[Collected data entries]
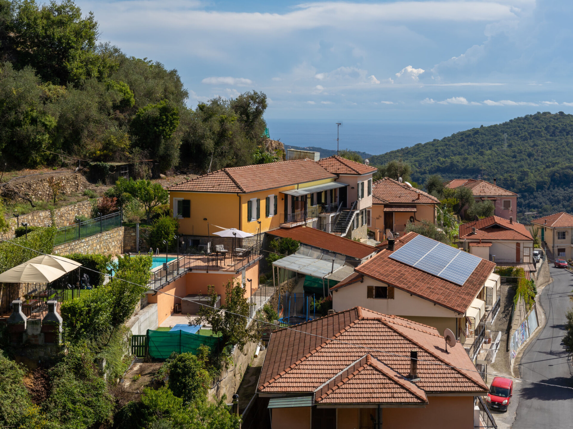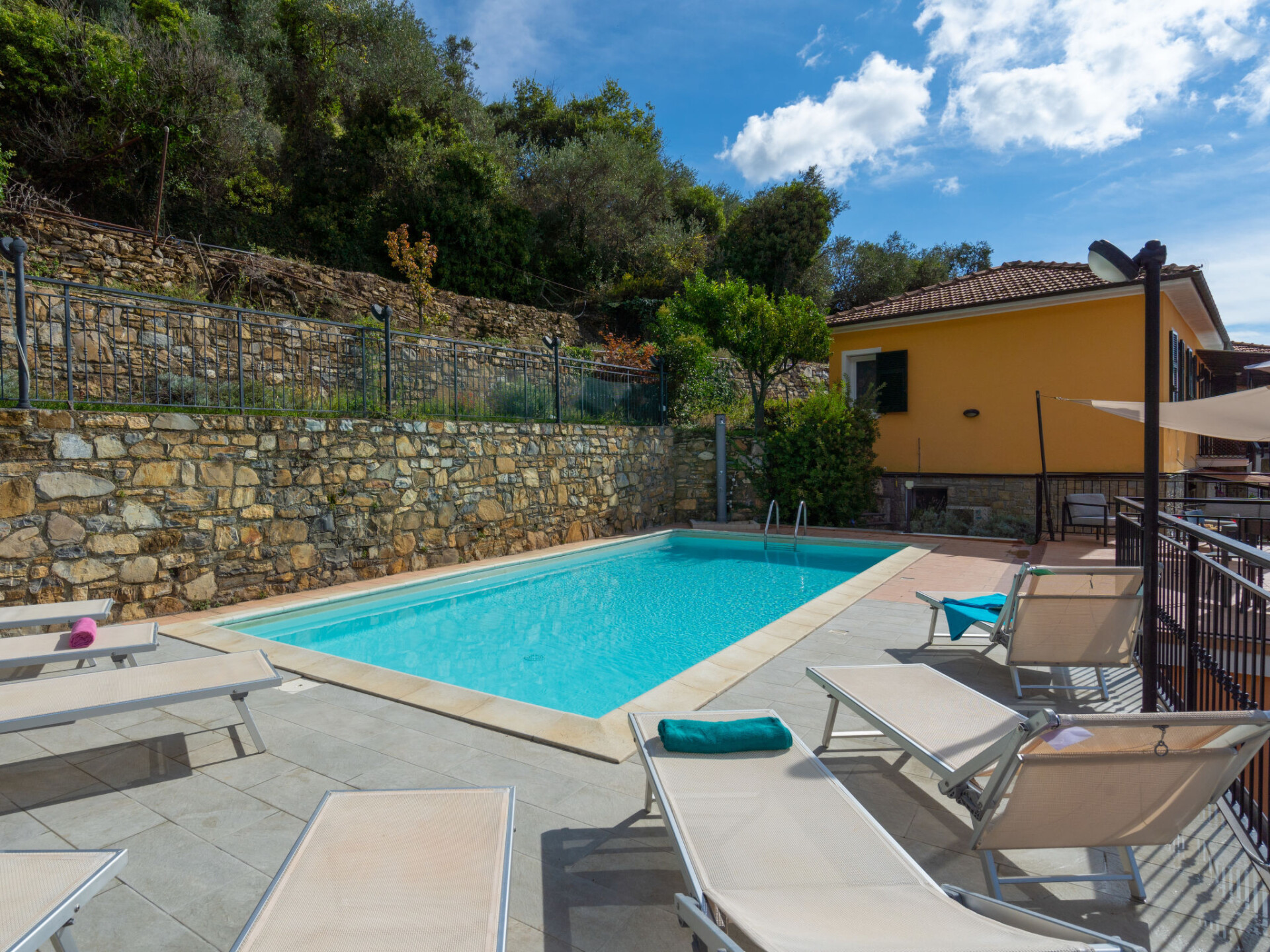 Kindvriendelijke, mooi residentie "Agriturismo Ca' di Nonni", 400 m boven zeeniveau, van 2 verdiepingen, omgeven door bomen en wijngaarden. 4 appartementen in de woning. 100 m van het centrum van Pietrabruna, aan de rand van de plaats, 10 km van het centrum van San Lorenzo al Mare, 16 km van het centrum van Imperia, verhoogde ligging tegen een helling, 9.5 km van zee, te midden van groen. Voor medegebruik: mooie, verzorgde tuin op verschillende niveaus, 1.000 m2 met gazon en planten, ligweide, openluchtzwembad (10 x 5 m, 120 cm diepte, seizoensgebonden beschikbaarheid: 01.Mei. - 01.Okt.). Buitendouche, tafeltennis, patio, prieel, tuinmeubelen, barbecue, kinderspeelplaats (glijbaan, schommel), onderhoud zwembad door de eigenaar/tuinman. In het complex: salon met TV, fitnessruimte, tafelvoetbal, bergruimte voor fietsen, zonneterras, wasmachine (voor medegebruik), fietsverhuur. 20 m lange steile, smalle toegangsweg. Trappenweg naar het huis. Openbare parkeerplaatsen 50 m in de straat. Winkel, levensmiddelenwinkel 200 m, supermarkt 10 km, winkelcentrum 10 km, restaurant, bar, bakkerij 300 m, café 200 m, bushalte 150 m, zandstrand "San Lorenzo al Mare" 10 km, stenenstrand 10 km, meer (zwemmen) "Laghetti Torre Paponi" 5 km. Wandelroutes 10 m vanaf het huis. Attracties in de buurt: Pista ciclabile lungo mare 10 km, Museo dell´olio Imperia 18 km, Lavendeldestilation in Pietrabruna. Wandelgebied Monte Faudo (1149 m) Mountainbike Trails 5 km, Monte Follia 2 km. De eigenaar accepteert geen jeugdgroepen. Laden en lossen van de baggage is mogelijk bij het huis.
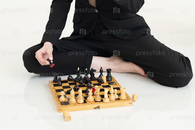 Женщина думает о следующем ходе, сидя перед шахматной доской с фигурами и держа в руке черную пешку
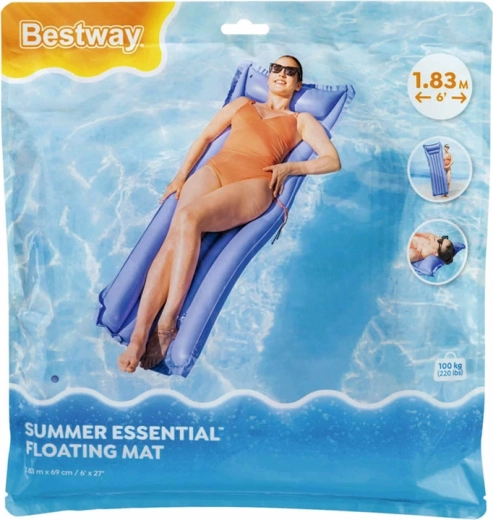 Užívajte si leto na vode s nafukovacou matracou BESTWAY s rozmermi 183 × 69 cm. Vďaka odolnému PVC, integrovanému vankúšu a segmentovaným komorám ponúka stabilné pohodlie pri relaxe v bazéne, jazere aj pri mori. Je ľahká, ľahko sa prenáša a rýchlo sa nafukuje aj vyfukuje; v balení nájdete aj samolepiacu opravnú záplatu.
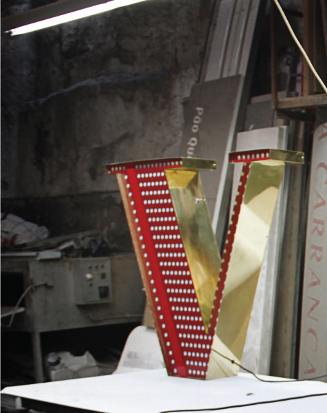 Grab the Las Vegas feeling inside or outside your design project! Inspired by the aura and authenticity of the city of lights this sophisticated lighting design has a copper plated and red frame that can be customizable on demand. Available in a mini version, the vivid colours reflect a state of being, creating an energetic atmosphere. Handmade in copper and acrylic. Versatile, you can put this lighting design on the wall or on the floor. Fitting for outdoors as well.
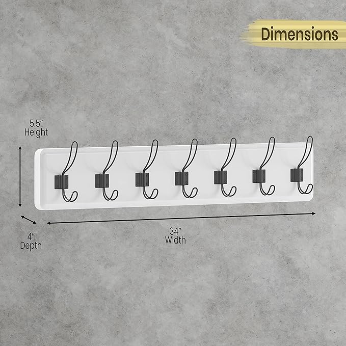 - Wall Mounted Coat Rack: This 34" long solid wood coat rack is equipped with 5 sturdy metal hooks for hanging coats, hats, dog leashes, and more. The perfect addition to your kitchen, mudroom, or bathroom.
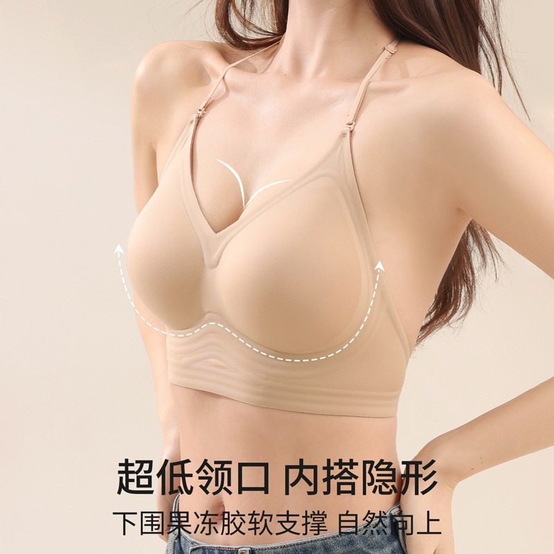 多穿式美背内衣女挂脖交叉式聚拢上托性感无痕大U露背性感文胸罩
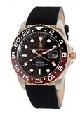Case Case Measurements: L-42.0 mm W-42.0 mm H - 12.0 mm Case Material: Stainless Steel (2tone Rose) Crown: Rose tone, Medium Post, Water proof, Screw-down. Crystal: Mineral, with Magnifying Date. Bezel: Rotating Uni-Directional, Black-Brown Ceramic in Rose tone trim. Dial: Black Enamel Date Window Dial, Luminous Index hour indicator , and Hour-Minute Hand in Rose tone. Back Case: Screw-Down Case back Band Bracelet Measurement: W - 22.0 mm L- 8 in Maximum Wrist Size: 9.50 in Bracelet Material: Black Suede Genuine Leather. Clasp: Push button fold over dual deployment clasp, with original logo Movement Type: Quartz (Swiss Made) Caliber: Ronda - 515.24D Water Resistance: 10 ATM - 100 meters - 330 feet
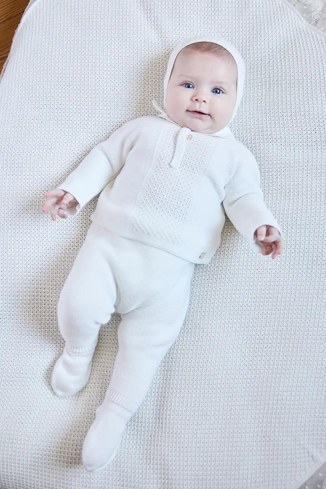 Conjunto de bebé niña de jubón y polaina de punto en rosa
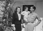 Captain Roy A. Westbrook Junior came home to Fort Worth, Texas, after completing a tour of duty as a "Hump" flier in the China Burma India Theater. The pilot is shown with his wife and their son, Roy A. Westbrook III, outside the home of Westbrook's sister, Mrs. Emory Cantey. Captain Westbrook is wearing his military uniform and is carrying his son, who is wearing a shirt and shorts. Mrs. Westbrook is wearing a blouse, blazer and skirt.
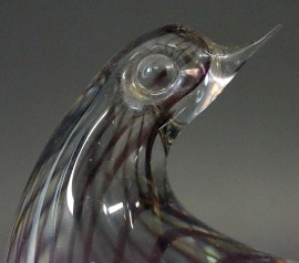 Volatile, scultura in vetro di Murano, seconda metà XX secolo, cm h 28

## Activity
Above, find the line with "多穿式美背内衣女挂脖交叉式聚拢上托性感无痕大U露背性感文胸罩"; copy it and every line down to the line with "Conjunto de bebé", exactly and both included, but no pictures.

## Written solution
 多穿式美背内衣女挂脖交叉式聚拢上托性感无痕大U露背性感文胸罩
Case Case Measurements: L-42.0 mm W-42.0 mm H - 12.0 mm Case Material: Stainless Steel (2tone Rose) Crown: Rose tone, Medium Post, Water proof, Screw-down. Crystal: Mineral, with Magnifying Date. Bezel: Rotating Uni-Directional, Black-Brown Ceramic in Rose tone trim. Dial: Black Enamel Date Window Dial, Luminous Index hour indicator , and Hour-Minute Hand in Rose tone. Back Case: Screw-Down Case back Band Bracelet Measurement: W - 22.0 mm L- 8 in Maximum Wrist Size: 9.50 in Bracelet Material: Black Suede Genuine Leather. Clasp: Push button fold over dual deployment clasp, with original logo Movement Type: Quartz (Swiss Made) Caliber: Ronda - 515.24D Water Resistance: 10 ATM - 100 meters - 330 feet
 Conjunto de bebé niña de jubón y polaina de punto en rosa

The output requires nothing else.